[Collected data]

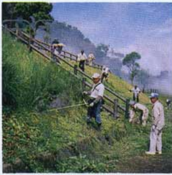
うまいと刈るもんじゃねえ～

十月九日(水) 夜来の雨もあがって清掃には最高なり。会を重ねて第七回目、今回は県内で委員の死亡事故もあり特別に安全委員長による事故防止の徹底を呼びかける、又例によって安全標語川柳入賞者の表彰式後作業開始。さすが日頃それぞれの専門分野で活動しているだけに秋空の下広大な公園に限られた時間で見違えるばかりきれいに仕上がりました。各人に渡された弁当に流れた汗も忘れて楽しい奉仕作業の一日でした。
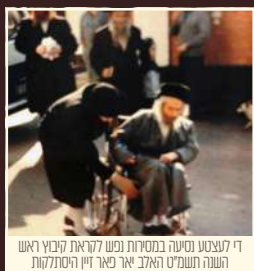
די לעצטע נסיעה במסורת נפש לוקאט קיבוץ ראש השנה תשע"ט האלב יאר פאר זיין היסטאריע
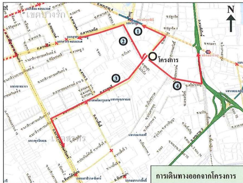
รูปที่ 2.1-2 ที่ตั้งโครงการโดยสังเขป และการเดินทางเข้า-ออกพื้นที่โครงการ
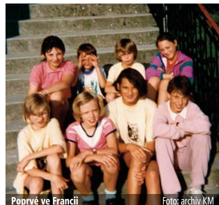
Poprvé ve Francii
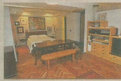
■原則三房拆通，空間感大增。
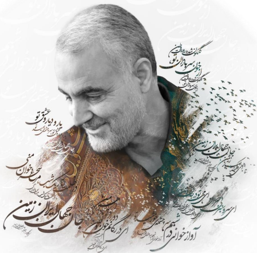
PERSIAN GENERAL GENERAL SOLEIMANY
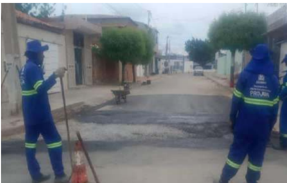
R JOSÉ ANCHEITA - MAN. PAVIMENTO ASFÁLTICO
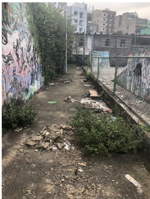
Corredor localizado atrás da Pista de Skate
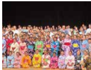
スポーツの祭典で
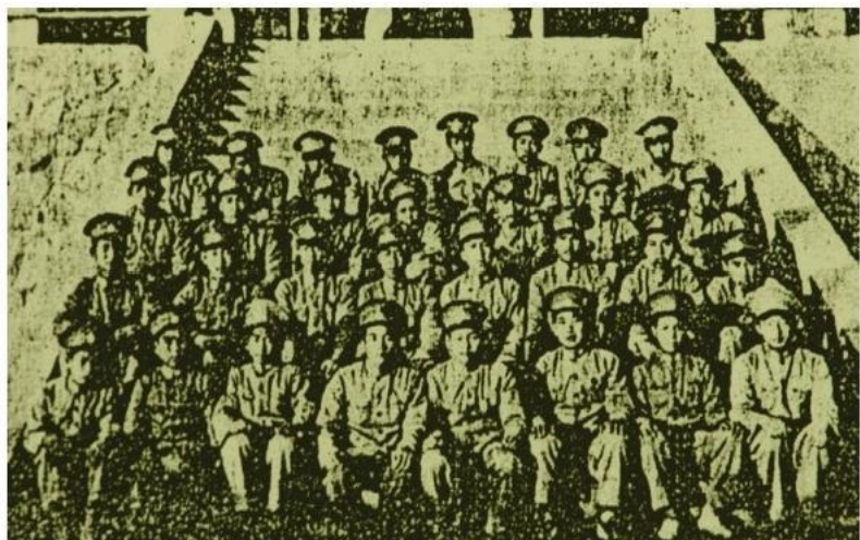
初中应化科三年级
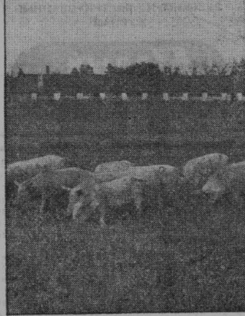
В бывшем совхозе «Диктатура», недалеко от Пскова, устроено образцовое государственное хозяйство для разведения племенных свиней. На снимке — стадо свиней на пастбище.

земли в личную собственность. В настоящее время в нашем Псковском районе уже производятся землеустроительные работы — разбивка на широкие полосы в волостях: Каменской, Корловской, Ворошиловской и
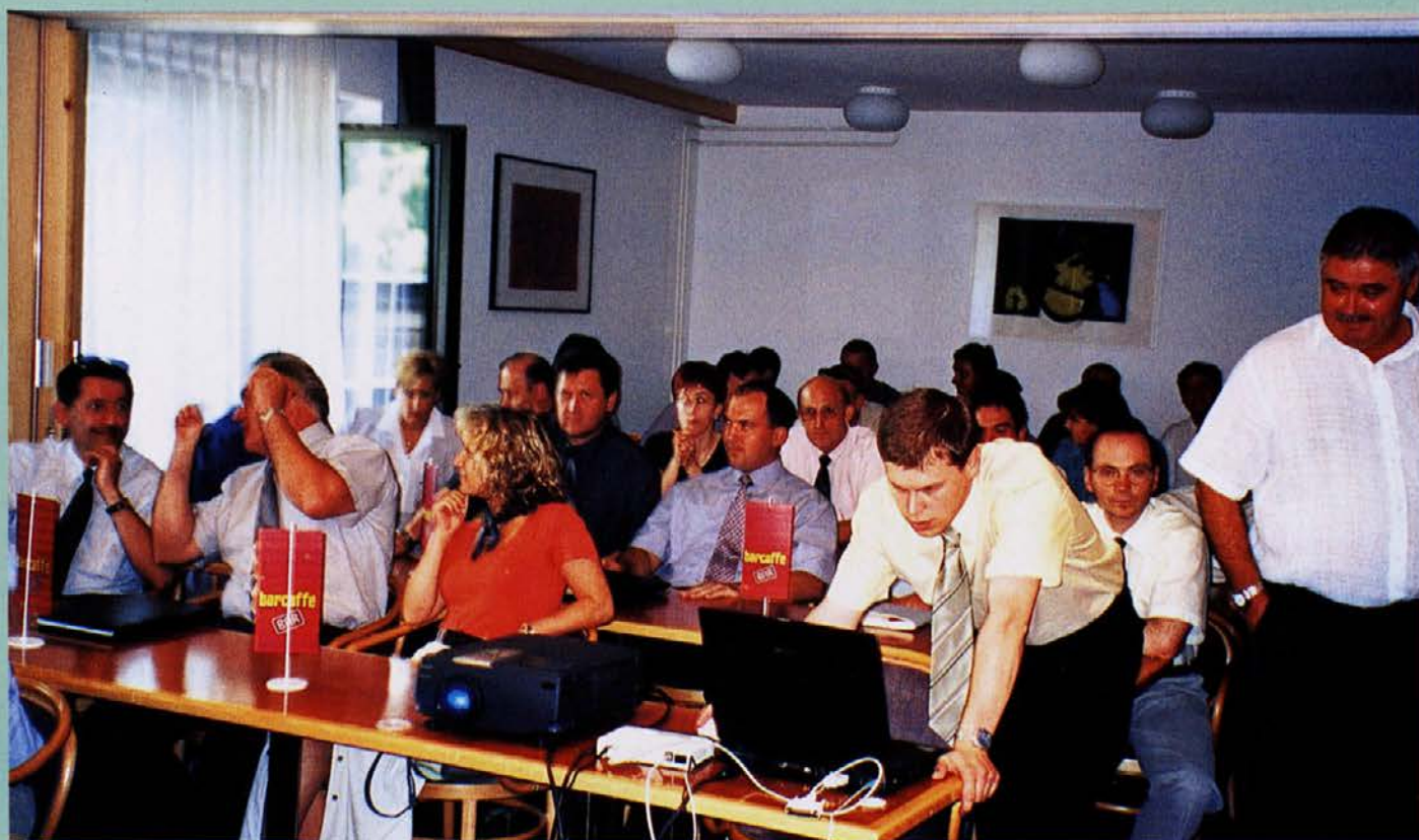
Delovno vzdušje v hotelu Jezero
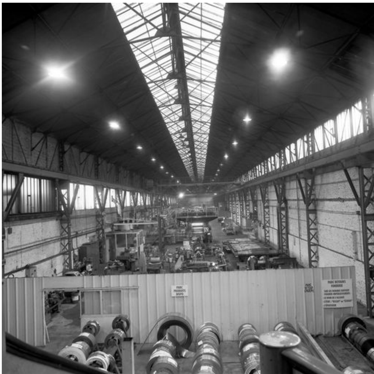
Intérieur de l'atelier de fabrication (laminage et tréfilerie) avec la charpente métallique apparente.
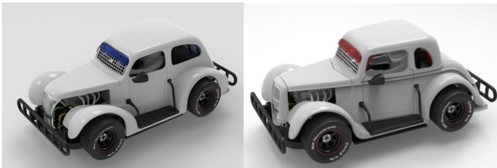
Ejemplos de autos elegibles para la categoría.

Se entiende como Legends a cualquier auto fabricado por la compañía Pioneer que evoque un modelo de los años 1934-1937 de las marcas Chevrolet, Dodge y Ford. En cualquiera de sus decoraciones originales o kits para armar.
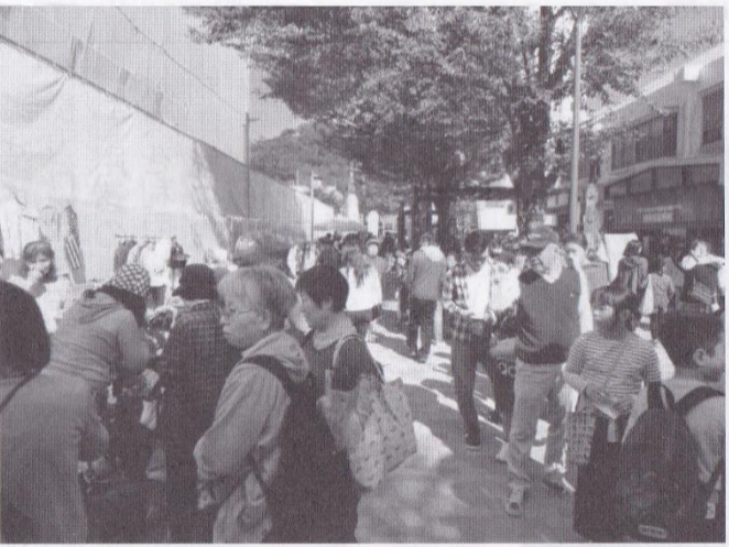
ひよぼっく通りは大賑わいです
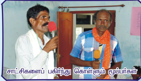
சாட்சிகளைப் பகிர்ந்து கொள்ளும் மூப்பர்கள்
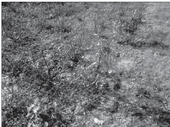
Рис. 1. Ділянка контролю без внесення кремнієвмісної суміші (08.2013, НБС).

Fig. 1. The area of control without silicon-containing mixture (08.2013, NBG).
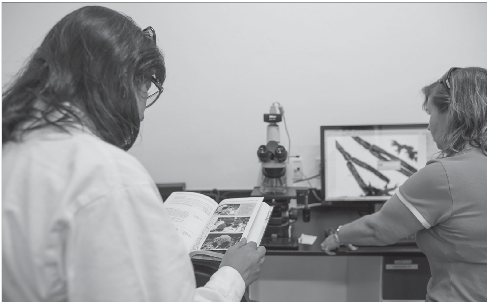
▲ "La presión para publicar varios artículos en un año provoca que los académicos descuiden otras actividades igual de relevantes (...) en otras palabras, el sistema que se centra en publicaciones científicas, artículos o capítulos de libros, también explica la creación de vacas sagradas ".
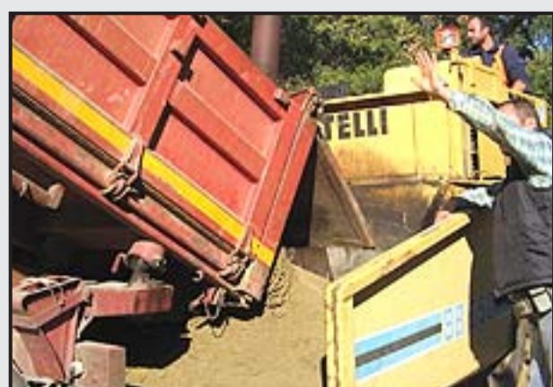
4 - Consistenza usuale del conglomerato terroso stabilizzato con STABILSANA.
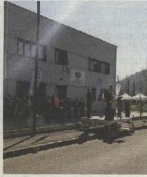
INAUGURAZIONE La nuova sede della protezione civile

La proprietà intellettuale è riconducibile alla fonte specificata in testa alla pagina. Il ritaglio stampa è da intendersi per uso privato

Work required: Only the lines from the start of the records to the one containing "Fig. 1. The" should be repeated, exactly and with both ends kept; drop any pictures.

Solved problem:
うまいと刈るもんじゃねえ～

十月九日(水) 夜来の雨もあがって清掃には最高なり。会を重ねて第七回目、今回は県内で委員の死亡事故もあり特別に安全委員長による事故防止の徹底を呼びかける、又例によって安全標語川柳入賞者の表彰式後作業開始。さすが日頃それぞれの専門分野で活動しているだけに秋空の下広大な公園に限られた時間で見違えるばかりきれいに仕上がりました。各人に渡された弁当に流れた汗も忘れて楽しい奉仕作業の一日でした。
די לעצטע נסיעה במסורת נפש לוקאט קיבוץ ראש השנה תשע"ט האלב יאר פאר זיין היסטאריע
รูปที่ 2.1-2 ที่ตั้งโครงการโดยสังเขป และการเดินทางเข้า-ออกพื้นที่โครงการ
Poprvé ve Francii
■原則三房拆通，空間感大增。
PERSIAN GENERAL GENERAL SOLEIMANY
R JOSÉ ANCHEITA - MAN. PAVIMENTO ASFÁLTICO
Corredor localizado atrás da Pista de Skate
スポーツの祭典で
初中应化科三年级
В бывшем совхозе «Диктатура», недалеко от Пскова, устроено образцовое государственное хозяйство для разведения племенных свиней. На снимке — стадо свиней на пастбище.

земли в личную собственность. В настоящее время в нашем Псковском районе уже производятся землеустроительные работы — разбивка на широкие полосы в волостях: Каменской, Корловской, Ворошиловской и
Delovno vzdušje v hotelu Jezero
Intérieur de l'atelier de fabrication (laminage et tréfilerie) avec la charpente métallique apparente.
Ejemplos de autos elegibles para la categoría.

Se entiende como Legends a cualquier auto fabricado por la compañía Pioneer que evoque un modelo de los años 1934-1937 de las marcas Chevrolet, Dodge y Ford. En cualquiera de sus decoraciones originales o kits para armar.
ひよぼっく通りは大賑わいです
சாட்சிகளைப் பகிர்ந்து கொள்ளும் மூப்பர்கள்
Рис. 1. Ділянка контролю без внесення кремнієвмісної суміші (08.2013, НБС).

Fig. 1. The area of control without silicon-containing mixture (08.2013, NBG).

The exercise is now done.